Xternal Validation Plus is a tool which computes all the required external validation parameters, while further it also judges the performance of prediction quality of a QSAR model based on the MAE-based criteria.


Applicability Domain (using standardization approach) is a tool to find out compounds (test set/query compounds) that are outside the applicability domain of the built QSAR model and it also detects outliers present in the training set compounds.


NanoProfiler (endpoint-dependent analogues identification software) is a tool to predict different properties of nanoparticle’s using the nano-QSAR models which are already reported in the literature (the nano-QSAR models are stored in a database file available with the tool), and further it performs clustering to find analogues based on the predicted property. We have also included three more clustering methods i.e. k-Medoids algorithm (slow and exhaustive; searches best ‘k’ medoids), modified k-Medoid (fast; searches optimum ‘k’ medoids), Euclidean distance-based method, for analogues identification.
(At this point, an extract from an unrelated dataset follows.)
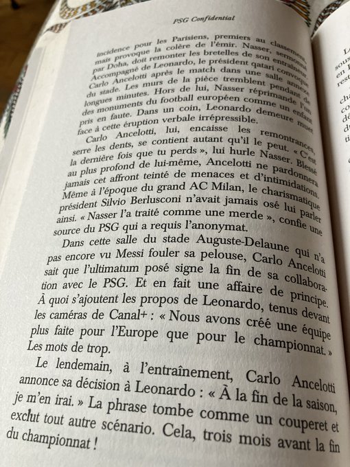 #PSGCONFIDENTIAL Quand Carlo Ancelotti, vainqueur hier d’une 5e ligue des champions comme entraîneur, se faisait sermonner «comme un enfant » par Nasser al-Khelaïfi à l’issue d’un match sans enjeu. Une altercation qui précipitait le départ de « Don Carlo »du PSG. @Valdiguie

AD-MDI Applicability domain- Model Disturbance Index (AD-MDI) program is a tool to define applicability domain (AD) of unknown samples based on a concept proposed by Yan et. al. (see reference below). For more information regarding defining AD and finding AD of query compounds please read the article (see reference below). This program is the updated version of the previous version (now removed). The only difference between two versions is that in updated version the AD of query compounds can be determined (optional), which was not included in the previous version.

To Download and Run : Click on download button(it will direct you to google drive) and then press "ctrl + S (Windows) or cmd+S (Macs)" to save as zip file. Extract the .zip file and click on .jar file to run the program.

Note: The program folder will consist of three folders "Data", "Lib" and "Output". For user convenience, user may keep input files in "Data" folder and may save output file in "Output" folder."Lib" folder consist of library files required for running the program. Check the format of training, test set input files (.xlsx/.xls/.csv) and query file (.xlsx/.xls/.csv) before using the program (sample file provided in Data Folder). *Manual is provided in the program folder

File Format: Compound number (first column), Descriptors (Subsequent Columns), Activity/Property (Last column)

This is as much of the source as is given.